## EXCERPTED DATA
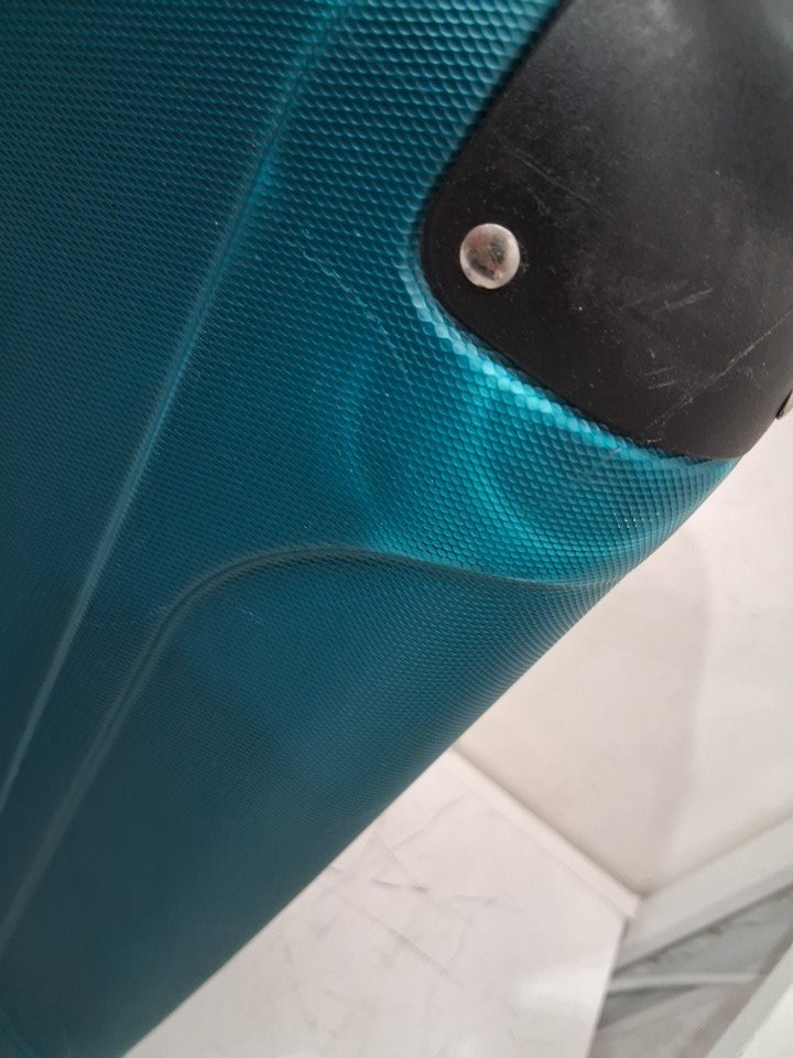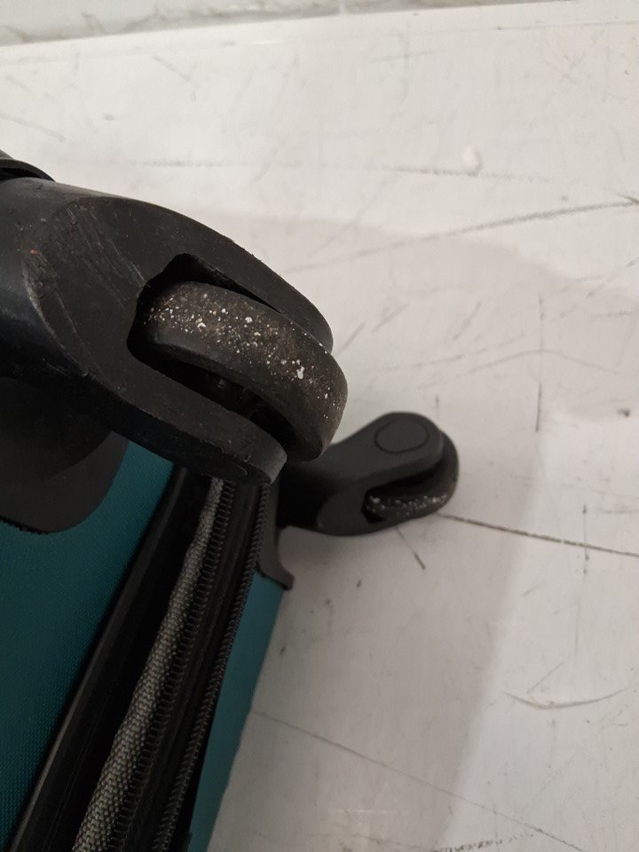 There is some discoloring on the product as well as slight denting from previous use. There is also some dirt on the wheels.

==

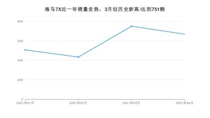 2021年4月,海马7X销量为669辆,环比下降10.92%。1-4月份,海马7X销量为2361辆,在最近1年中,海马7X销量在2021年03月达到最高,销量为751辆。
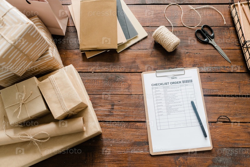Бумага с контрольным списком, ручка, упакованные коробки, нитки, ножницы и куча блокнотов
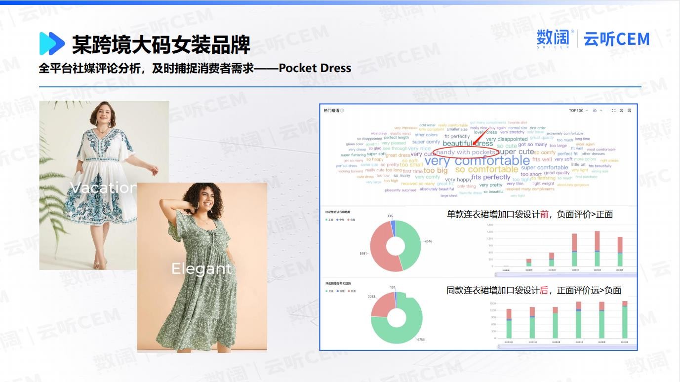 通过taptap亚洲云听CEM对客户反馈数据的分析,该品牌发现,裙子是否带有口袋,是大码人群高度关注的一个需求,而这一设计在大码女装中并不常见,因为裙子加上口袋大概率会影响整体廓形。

## PROBLEM TO SOLVE
Above are the records; copy exactly the lines from the one with "2021年4月,海马7X销量" through the one with "通过taptap亚洲云听CE", including both, and nothing more. Leave out pictures.

## ANSWER BELOW
 2021年4月,海马7X销量为669辆,环比下降10.92%。1-4月份,海马7X销量为2361辆,在最近1年中,海马7X销量在2021年03月达到最高,销量为751辆。
Бумага с контрольным списком, ручка, упакованные коробки, нитки, ножницы и куча блокнотов
 通过taptap亚洲云听CEM对客户反馈数据的分析,该品牌发现,裙子是否带有口袋,是大码人群高度关注的一个需求,而这一设计在大码女装中并不常见,因为裙子加上口袋大概率会影响整体廓形。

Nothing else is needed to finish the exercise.